Это были несколько связных и пулеметный расчет Блохи — горстка, что в недавнем
бою, подпустив шагающую вражескую цепь, ударила кинжальным огнем.
— Отправишься с этой командой к немцам, — сказал я.
Затем, положив карту, показал карандашную пометку, которую оставил капитан Шилов.
Там среди леса были брошены пушки и снаряды. Надо попытаться, объяснил я,
вытянуть это из-под носа у противника.
— Возьми лошадей, упряжь, ездовых. Действуй хитро, тихо…
— Аксакал, — с улыбкой сказал Бозжанов.
— Что?
— Аксакал, я хотел вас просить. Пускай эти люди так и будут моим подразделением.
Я уже говорил, что пулеметы были приданы стрелковым ротам и в батальоне уже, по
существу, не стало отдельной пулеметной роты, политруком которой числился Бозжанов.
— Что же это будет за подразделение?
Бозжанов быстро ответил:
— Резерв командира батальона… Ваш, аксакал.
— Ну, командир резерва, — сказал я, — пойдем к твоему войску.
В лес проникал неясный свет луны.
— Стой! Кто идет?
— Мурин, ты? — спросил в ответ Бозжанов.
— Я, товарищ политрук.
Все войско Бозжанова поместилось под одной елкой. Тесно прикорнув друг к другу,
поджав ноги, накрывшись с головою плащ-палатками, пригревшись на хвое, бойцы спали.
Мурин дежурил. Рядом с пирамидкой винтовок чернел пулемет.

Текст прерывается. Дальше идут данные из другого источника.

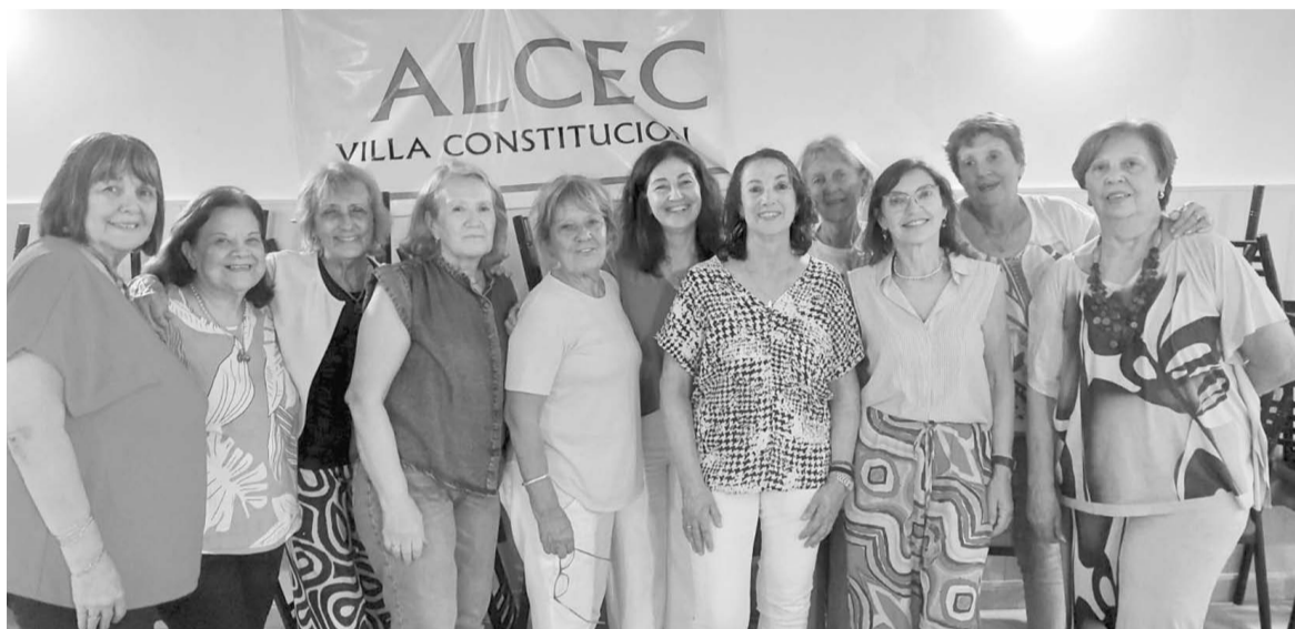
Expresaron una mezcla de orgullo, emoción y gratitud por el final de esta etapa.

Al formalizar su desvinculación, la institución expresó sentir una inmensa mezcla de orgullo, emoción y gratitud. Resaltó el orgullo por la trayectoria impecable que cada una construyó a lo largo de más de tres décadas. Manifestó emoción por el cariño y la humanidad con los que
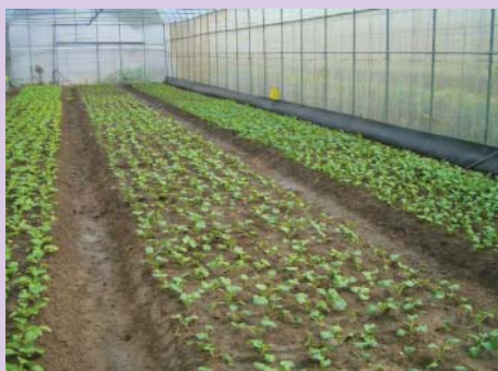
城南有機農場溫室蔬菜栽培區
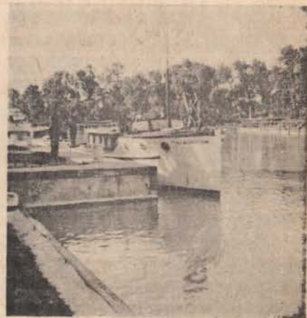
„Gr. Klébelsberg Kuno” csendőrhajó a Balatonon.

Az első vízcsendőr őrs (nem fürdőkülönítmény) 1942. június 1-én kezdte meg a szolgálatot, mint
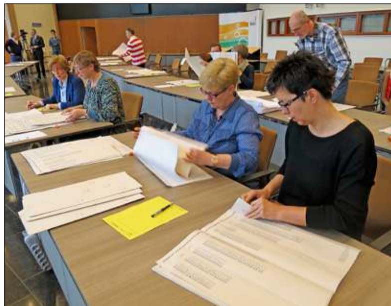
Op 26 maart werden de stembureaus De Groene Daan en Jagtlust herteld. Dit leidde niet tot verandering.
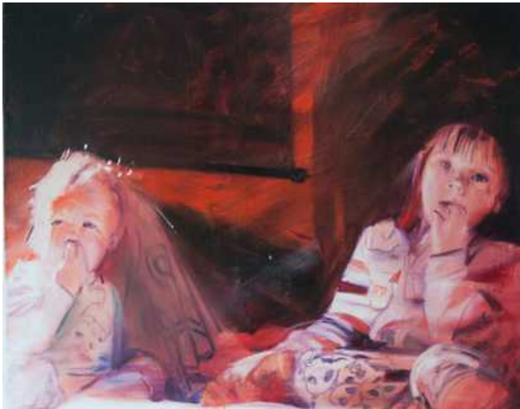
Kicsinyeim II. , 80x100cm, olaj, vászon, 2017.

— Надо поднять, Мурин, людей, — сказал Бозжанов.
Огромного Галлиулина сон сморил крепче, чем других. Он приподнялся, сел и опять
ткнулся в мягкий хвойный подстил. Его растолкали.
— Взять винтовки! Выстроиться! — негромко скомандовал Бозжанов.

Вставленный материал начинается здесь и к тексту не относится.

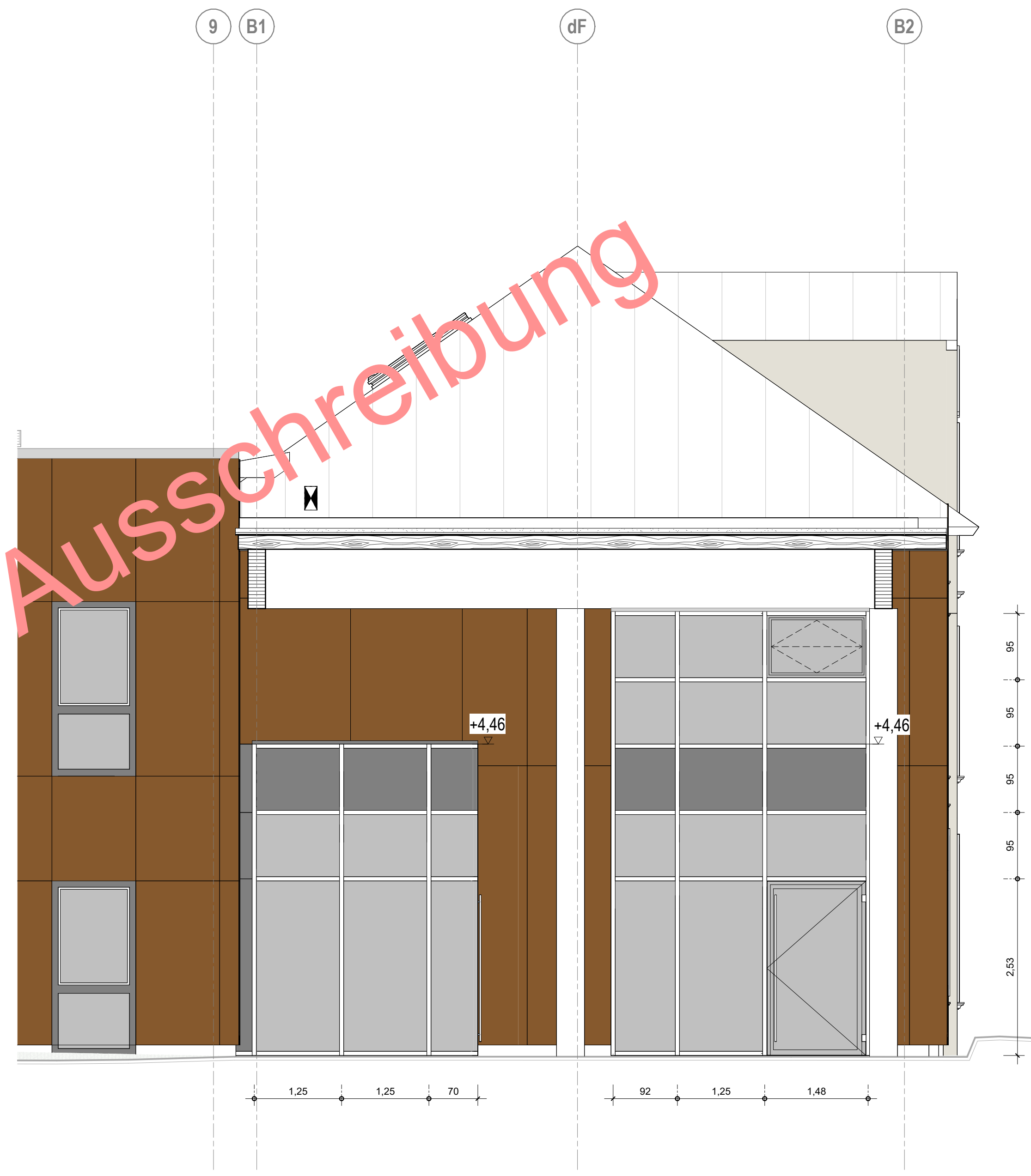
AN_DT_PR-Fassade M 1 : 50

Nur zur Verwendung für die Ausschreibung
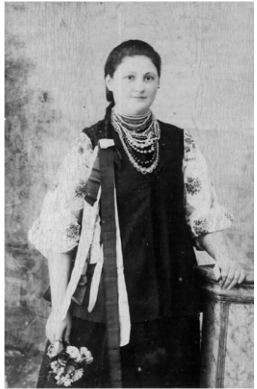
Фотографія дівчини, зроблена на початку ХХ століття в салоні «І. Л. Бендицький і син»

На зворотному боці фотобланків зображені фігурні написи в різній комбінації великих і малих літер, обрамлені

Оглядев коротенький строй, он шагнул ко мне, отрапортовал.
— Объявите мой приказ, — сказал я.
— Вот, товарищи, — начал Бозжанов, подойдя к строю. — Батальон окружен.
Затем, по-прежнему негромко, он изложил пункт за пунктом: занять круговую оборону,
в плен не сдаваться, беречь боеприпасы, стрелять лишь наверняка, стрелять до
предпоследнего патрона, последний для себя.
— Последний для себя, — медленно, будто взвешивая, повторил он. — Хочешь жить —
дерись насмерть.
У Бозжанова иногда рождались такие афоризмы. Глядишь, мимоходом сказал слово, а в
нем — философия, мудрость… Это я замечал на войне не за ним одним. Настоящий солдат, у
которого на войне, в бою, мобилизуются все клеточки мозга, может сказать мудрую мысль.
Но именно настоящий.
Бозжанов продолжал:
— У нас пушки, пулеметы, у нас боевое братство… Попробуй подступись…
Я сказал:
— Объявите, товарищ политрук, задачу группы.
Бозжанов неторопливо объяснил, что придется идти в расположение немцев за
оставленными в лесу пушками.
— Можно разойтись, — сказал я, когда он закончил. — Приготовьтесь. Проверьте
оружие. Соберите вещи. Но сначала подойдите-ка сюда, друзья.
Они подскочили мигом. Только длинный Мурин остался часовым у пулемета. Ему тоже
не терпелось слышать, он вытянул шею, в свете луны поблескивали его очки. «Друзья»!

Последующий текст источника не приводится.